Russian and Belarusian officials last Wednesday signed a general contract on the joint project that envisions Russia’s State Nuclear Corporation Rosatom building a 1,200-megawatt nuclear power plant to an as-yet untested Russian design in the Belarusian town of Ostrovets in Grodno Region.

The signing took place as part of Russian Prime Minister Dmitry Medvedev’s visit to Minsk. 

Ozharovsky was arrested along with his Belarusian colleagues, Belarusian Anti-Nuclear Campaign coordinator Tatiana Novikova, Irina Sukhiy of the environmental group Ekodom (Ecohome), and human rights activist Mikhail Matskevich of the Legal Transformation Center.

On the morning of July 18, Ekodom’s Sukhiy received information that Ozharovsky and Novikova had been detained and were held in a district police precinct in Minsk – a location where the activists, however, were not found upon inquiry.
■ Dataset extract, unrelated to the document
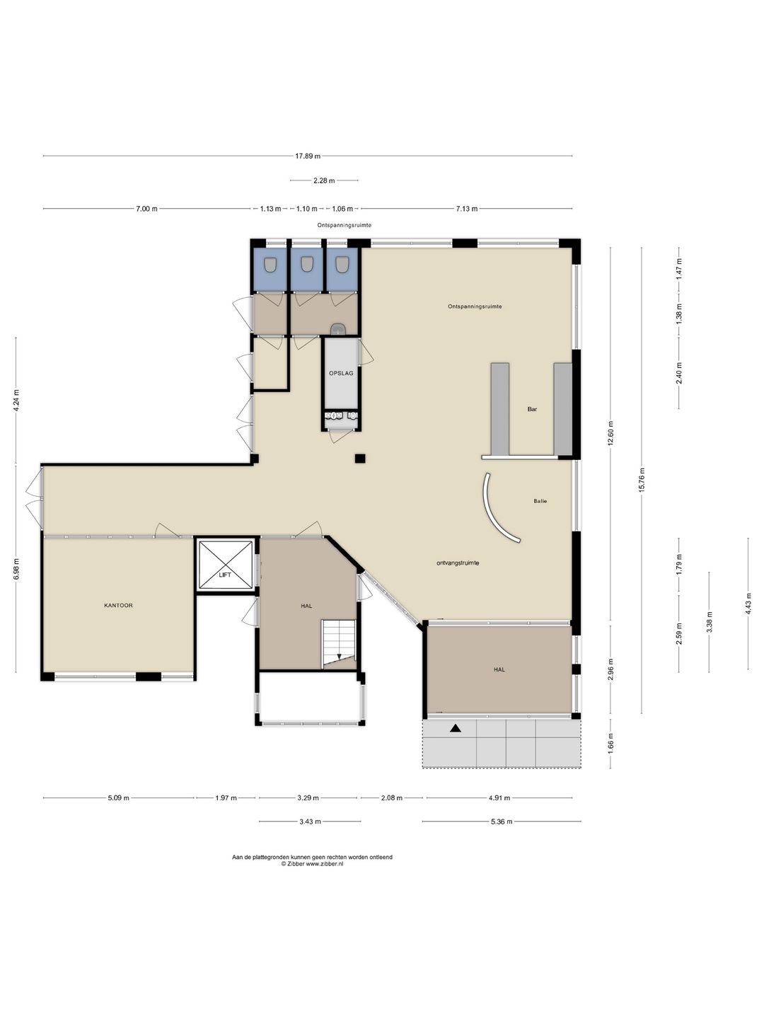Toegang tot het trapportaal en tevens een lift naar de verdiepingen.

No details of the arrest or the environmentalists’ actual location were available until late evening.

Later that same day, Sukhiy herself and Matskevich were also detained as they were leaving the offices of the ecological movement Green Network on their way to the Russian embassy in Minsk.

Ozharovsky is reported to have been arrested on a street in Minsk on a disorderly conduct charge – using profane language in a public place – and taken to a local court the same day, where he was given a ten-day administrative arrest sentence to be served in a detention facility for misdemeanor offenders.

“We believe the charges against Andrei Ozharovsky to be absurd, and we will demand that Belarusian authorities release the environmentalist,” said Nikolai Rybakov, executive director of the St. Petersburg-based Environmental Rights Center Bellona. 

On learning of Ozharovsky’s arrest, Bellona contacted Russian embassy officials in Belarus with a request to make inquiries on Ozharovsky’s behalf and render consular assistance. An official request was also later sent by Bellona to the Russian Ministry of Foreign Affairs asking to take the situation under the ministry’s control.  

The Russian foreign ministry has since been cited in media reports as saying its representatives made assistance quickly available to Ozharovsky on the day of arrest, and an embassy official was present in court.

Ozharovsky is believed to have been arrested for his intent to pass copies of an open statement criticizing the Ostrovets nuclear power plant project – an address signed by Ekodom, representatives of the Belarusian Green party, and members of the Belarusian NPP Public Environmental Impact Assessment Commission – to officials in the Russian and Belarusian governments, as well as the Belarusian Ministry of Energy.

The Ostrovets project has been under a heavy barrage of criticism and anti-nuclear protest activities both in Belarus and neighboring countries even as Minsk continues to push for its implementation despite vigorous public opposition and objections from neighboring nations such as Lithuania.

Official Minsk, though having faced accusations of being non-compliant with international conventions in its nuclear pursuits, is firmly set in an ambition to have a first nuclear power plant in a country that took the brunt of the radioactive fallout from the 1986 disaster at Ukraine’s Chernobyl.

Environmentalists call for Belarus to remain a non-nuclear nation as they decry the decision to go ahead with a project that enjoys no support among experts or the public.

“Belarusian NPP, just as any other nuclear power plant, is a threat to this and future generations: There is no 100 percent guarantee that a repeat catastrophe of Chernobyl or Fukushima scale will not occur, or that radionuclide discharges sanctioned as part of standard NPP operation will not cause a rise in cancer incidence in the plant’s vicinity,” the statement says in part. 

Environmentalists also point out that the project is economically untenable as it undermines Belarus’s energy security, making Belarus dependent on Russia’s fuel deliveries and technological expertise.

Before being arrested, the activists managed to send the text to the independent news and political coverage website Belorussky Partizan (Belarusian Partisan).